Plus, if your credit report mainly shows credit card debt, adding a personal loan can help diversify your credit portfolio. Having a variety of loans and showing that you can handle them responsibly is seen as a plus for your credit score.
Pay for an unexpected life event
If you need money right away to cover bills and you don’t have an emergency fund, a personal loan may be the next best option. If you apply for a personal loan online, you can get your application approved in a matter of minutes.
You’ll get the money within a few days to pay off that unexpected medical bill, major auto repair or other emergency expense.
When To Avoid Personal Loans
Personal loans can be clutch when you’re in a bind. But there are some cases when they’re not the right choice and you may need to steer clear of them.
- You can’t afford it: Remember, you still have to pay the money back. Unless it’s an expense you can’t avoid, don’t take out a personal loan if you can’t afford the monthly payments, or you aren’t using the money to get rid of higher-interest debt.

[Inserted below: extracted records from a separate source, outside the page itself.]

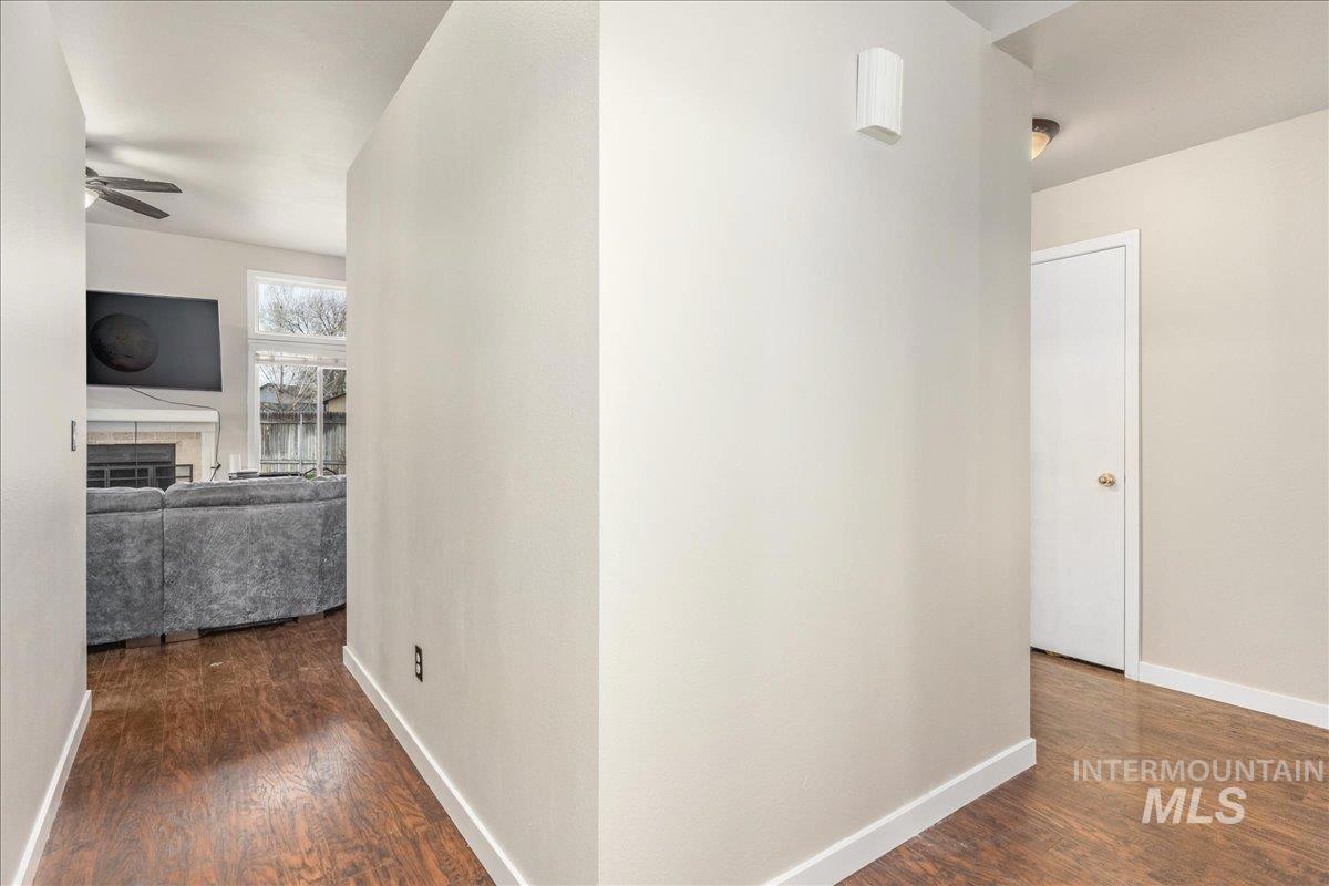 Welcome to this charming single-level home, beautifully updated & centrally located in one of Boise’s most convenient pockets. Fresh interior paint on doors, trim, walls & ceilings gives the home a crisp, move-in–ready feel. Designed for flexibility, the home features 3 bedrooms plus a dedicated office w/ stunning floor-to-ceiling windows that flood the space w/ natural light. Cathedral-style ceilings enhance the living & family rooms, while the vaulted great room w/ fireplace offers a warm gathering space. The kitchen includes a breakfast bar, tile floors & stainless appliances. The primary suite features dual vanities & a walk-in closet. Enjoy peace of mind w/ the speed of fiber internet. Set on a rare .23-acre pie-shaped corner lot, the backyard offers mature landscaping, extended patio & ample room to play, garden or entertain. Nestled in a quiet cul-de-sac near walking paths, parks, schools, shopping & The Village, this home delivers comfort, charm & an ideal Boise lifestyle.
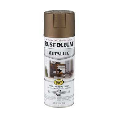 Mi parte favorita de steampunk es el color y la textura. Desde que me fui con una placa de latón, quería que los engranajes a estar un color cercano a la mezcla bien. Opté por usar pintura de aerosol metálica de Rust-Oleum con el color bronce (se muestra en la imagen). Recoger las tuercas, engranajes y pipa (opcional según el tubo que escogiste) y la cabeza fuera a pintar esas piezas. Hacer una capa ligera de pintura en cada objeto y permite por lo menos 30 minutos que se seque. Asegúrese de que está por lo menos 8" de la pieza que está pintando para que la pintura no es grueso e irregular. Después de secar las partes es conjunto.
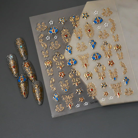 Gold Nail Stickers for Nail Art Gemstone Nail Decals with Golden Filigree Design,Luxury Baroque-Style Stickers for Nails 3D Self Adhesive Nail Art Supplies & Decorations for Women Girls 1 Sheet

- There are better loan options: A home equity loan or a home equity line of credit may be a better fit for projects like home improvements or repairs.
- You’re putting it toward something you don’t need: Think twice before you take out a personal loan to cover the cost of a vacation, a wedding or other non-essential expenses.
Weighing the Pros and Cons of Personal Loans
Now that you have some clarity on personal loans, it’s time to decide if a personal loan is right for you. Remember, debt can have its advantages and disadvantages. You should always weigh the pros and cons before taking on more loans.